Para celebrar 31 anos do texto original, Celibi e seu grupo fizeram uma meteórica temporada de A Bicha Burralheira, a estória que sua mãe não contou, em abril, no Teatro Hermilo Borba Filho. Ficou pouco tempo por escassez de pauta nos teatros municipais.

A Bicha Burralheira ganha mais duas sessões, hoje e amanhã, no Teatro Apolo, às 19h30.

Elenco

O espetáculo ressalta a ideia de que todos trapaceiam. Alguns para o seu próprio bem, outros em proveito próprio associado à ação de prejudicar, humilhar ou arruinar o outro. Ninguém é totalmente bonzinho, como nas historietas para crianças.

A protagonista é maltratada pela meias-irmãs e pela madrasta. Sofre Bullying por ser gorda. Mas responde à altura. Tem autoestima robusta. Essa Burralheira tem andar desengonçado, gestual largo com direito a gestos licenciosos, e um vocabulário e pronúncia do subúrbio recifense, pleno de gírias e palavras obscenas. E um “baile” na ponta da língua.

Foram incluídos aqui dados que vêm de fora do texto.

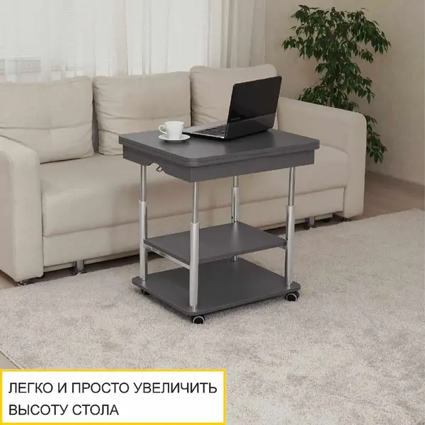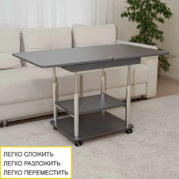 • Подъемный механизм легко и просто позволяет преобразовать журнальный стол в обеденный, увеличивая высоту до 75 см. Благодаря подъемному механизму стол может использоваться как кофейный столик, а также как полноценный стол для кухни или для гостиной.

Essa paródia de humor escrachado marca discussões de gênero, de quem está à margem sob vários quesitos. Os personagens são gays ou trans e sabe que não pode contar muito com a comunidade. É cada um por si.

Mas a Cinderela arranja uma fada-macumba, interpretada por Celibi, que tem por missão viabilizar um cartão do sistema VEM para que a Gata possa ir ao baile encontrar seu Príncipe, em algum ponto do centro do Recife.

Há espaço para improviso, show de bizarrices. Manifestações de fetiche, arriação e gozação. As interpretações estão coladas ao que o Grupo Vivencial desenvolvia em Olinda nas décadas de 1970/1980, brilho e purpurina. Irreverência e uma devoção tão grande em fazer teatro que transforma o lixo em cenário, figurinos, adereços.

É tudo meio precário. Mas o grupo dá um truque da pobreza; um tapa na falta de politicas públicas.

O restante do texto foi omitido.